The weather is at its most clement. The tropical heat of summer is gone. The days are warm, the nights cool and crisp. If exercise is your thing, you can hike, cycle or run through the early autumn foliage of Korea’s mountains or their foothills in the early morning sun. Few things are more enjoyable or soothing or bring you closer to nature.
But there is a feeling even greater than that of becoming one with nature: oneness with fellow humans. Chuseok, if nothing else, is a celebration of exactly that. The virtues of this holiday are myriad, but perhaps the greatest among them is sharing. And Korea’s version of Thanksgiving is just one of many occasions through which the nation’s spirit makes its presence felt.
Chuseok is a family celebration, but when Koreans hear of a friend or close colleague spending the holiday alone, they will often deliver to them some of the delicacies they prepare for the occasion.
Oftentimes, workers return to the office from the three-day holiday laden with leftover food to share with their colleagues.
Though Chuseok is the time of year when sharing is most prevalent in Korea, it is only the tip of the iceberg. For those lucky enough to be around in November, another prominent display of sharing awaits: gimjang (김장) (kimchi production).
Most families traditionally make kimchi once a year at the crossroads of fall and winter. But when they do so, the process usually means making a year’s supply of kimchi with up to a dozen family members and tens of heads of Korean cabbage.

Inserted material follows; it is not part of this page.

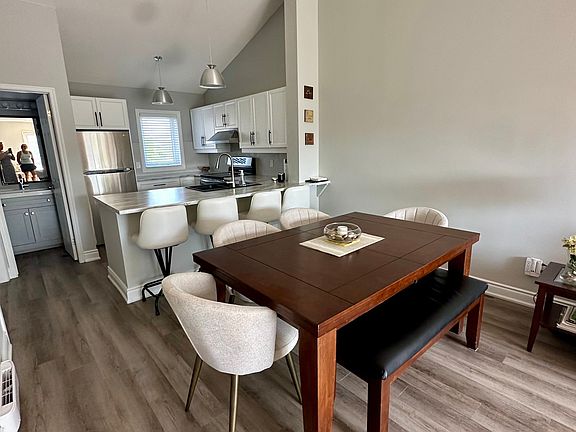 Available for the ski season mid December to mid April, this two-bedroom, two-bathroom condo features a reverse floor plan. The entry is located on the second level, where you will find the bedrooms, a bathroom, and a laundry area. The upper level boasts an open-concept living, dining, and kitchen space with cathedral ceilings, creating an airy atmosphere. Additional amenities include a gas fireplace, a storage/pantry area adjacent to the kitchen, and a two-piece bathroom. The condo has been tastefully remodeled and offers a view of Georgian Bay. Please note that all utilities are additional to the rental rate, and references are required. There is no landline, and pets and smoking are not permitted.

Post-gimjang donations of homemade kimchi to friends, neighbors and close acquaintances are also common. At this time of year, the air is infused with the smell of fermenting vegetables being transported on buses and trains and through streets in an effort to share, share and share alike some more.
To understand what drives Korea’s instinct for sharing requires a look at history. Modern-day Korea is one of the most affluent and technologically advanced countries on Earth. Korean society is also full of money-rich, time-poor people who work - and play - hard to build some of the richest companies on the planet.

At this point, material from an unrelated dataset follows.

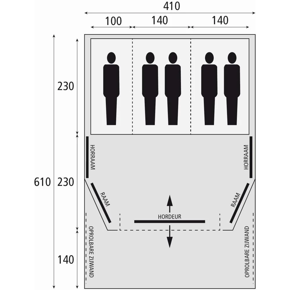 - Mogelijkheid tot extra luifel met meegeleverde tentstokken

But things were not always like this. Just a few decades ago, Korea was one of the poorest countries in the world. And while modern Korea is now a hive of industry, the country until the early 20th century was a distinctly agricultural society. Folks often lived their whole lives in small villages and farming communities.
The nation’s topography played a part in making these communities exceptionally close-knit. The mountainous Korean Peninsula with its tall peaks meant that many villages were hard to access. As such, commerce did not flow as freely as elsewhere in the world, and folks were not particularly mobile. Wandering traders and entertainers were rare, and casual visitors even rarer.

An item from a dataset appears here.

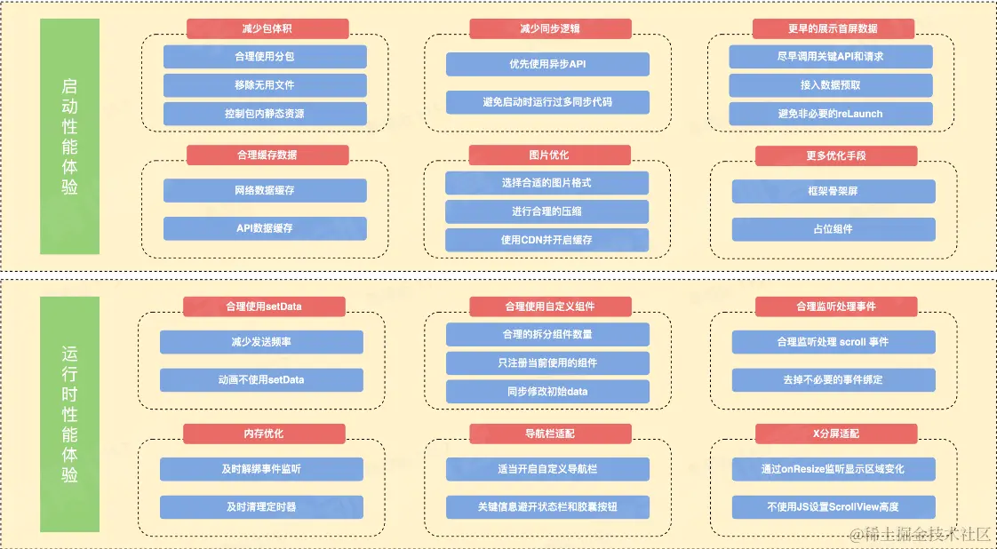 - 减少包体积 - 合理使用分包,及时清理冗余资源,控制静态资源大小

Community spirit was not a nicety in these villages but a survival mechanism. Alone, a single villager was vulnerable, but as part of a village community, he or she grew resilient, strong and able to thrive no matter what.
Sharing was the key to everything. Traditional Korean dining tables are small, low and portable. Even today, families often have up to ten of these tables, and more modern pieces have foldable legs for easier storage. As Koreans typically ate seated on the floor, squeezing a few extra guests in at the dinner table was easy. When more people came, out would come more of these small tables, thus a dozen or so guests could easily be accommodated in this fashion with relative ease.
As such, eating was fluid. A farmworker might eat at home at lunchtime, but at a neighbor’s in the evening.
What little people had, they shared with the community. A guest was never turned away. Cooks often made banchan (condiments accompanying the main staple of rice) in vast batches with neighbors. Or if they made their own supplies, they would surely share, knowing full well that when the family next door made food, they also would receive a portion.
Eating alone was unheard of. Everything was shared, eaten from communal dishes, and made available to one and all.
The Korean village system has long gone but this ethos persists.
Even at Korean offices today, eating a snack at one’s cubicle or desk without offering to share it with colleagues remains a major faux pas.
Big celebratory occasions like a wedding or childbirth involve food and gifts. So here, too, Koreans instinctively feel the urge to share, giving out tteok (sweet rice cakes) to up to hundreds of coworkers and neighbors.
To celebrate a promotion at work, Koreans often buy food for colleagues. Even buying a box of fruit for one’s family often means giving a few pieces to the family next door.
Chuseok is a great time to see Korean sharing on full show. Yet the longer you stay in Korea, the more you realize that this custom is a national trait, a spirit that permeates every single aspect of life.